Aesthetic Auto/biography: Ruskin and Proust
Aesthetic Auto/biography: Ruskin and Proust
This chapter argues that the notion of ‘aesthetic autobiography’, attached by Suzanne Nalbantian to the modernist autobiographical Künstlerroman, in fact originates in the way earlier writers such as Ruskin and Gosse develop literary forms to construct their lives as aesthetically motivated. Ruskin's impressionist autobiography is investigated as a precursor of early twentieth‐century literary autobiographies by James, Conrad and Ford. Particular attention is paid to time, memory, impressions, and reading.

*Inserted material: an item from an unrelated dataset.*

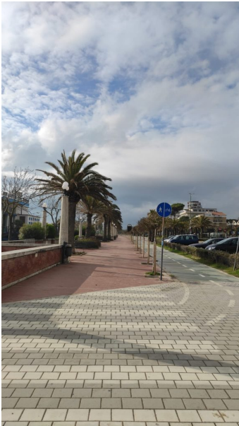
Lungomare di Giulianova
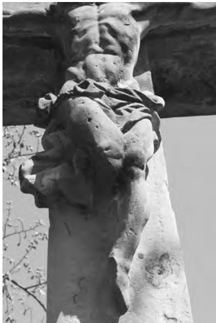
Detail poškození korpusu Krista, foto 2010

Barokní sousoší o výšce 440 cm a podstavě 240 x 60 cm je vytvořeno z jemnozrnného pískovce. Skládá se ze sedmi kamenicky opracovaných dlůl na jedné základové pískovcové podestě, složené ze tří kusů spojených železnými kramlemi. Na podestě stojí tři sokly (střední je masivnější). Na bočních soklicích původně stávaly sochy sv. Jana Evangelisty (nalevo) a Panny Marie (napravo). Sokly jsou k sobě spojeny shora železnými kramlemi.

The chapter proposes a changing view of ‘mediation’ through the period, arguing that Realism denies the mediation of reality by art; impressionism accepts the mediation of reality, but locates it in the process of perception and consciousness; modernism combines this interest in phenomenology with an awareness of how language or form mediates between the subject and the object; whereas postmodernism is founded on a denial, or suppression, of the objectivity of the object. The chapter concludes with a discussion of Proust (of all modernists the most indebted to Ruskin, and a sophisticated analyst of impressionism), from the rejection of biography in Contre Sainte‐Beuve to the fictionalization of autobiography in A la recherche. The essay on Ruskin, ‘On Reading’, is used to show how as for Ruskin autobiography is an act of reading, for Proust reading is an act of autobiography. Ruskinian impressionism is thus seen as also anticipating the modernist fictionalized auto/biography discussed in Part II.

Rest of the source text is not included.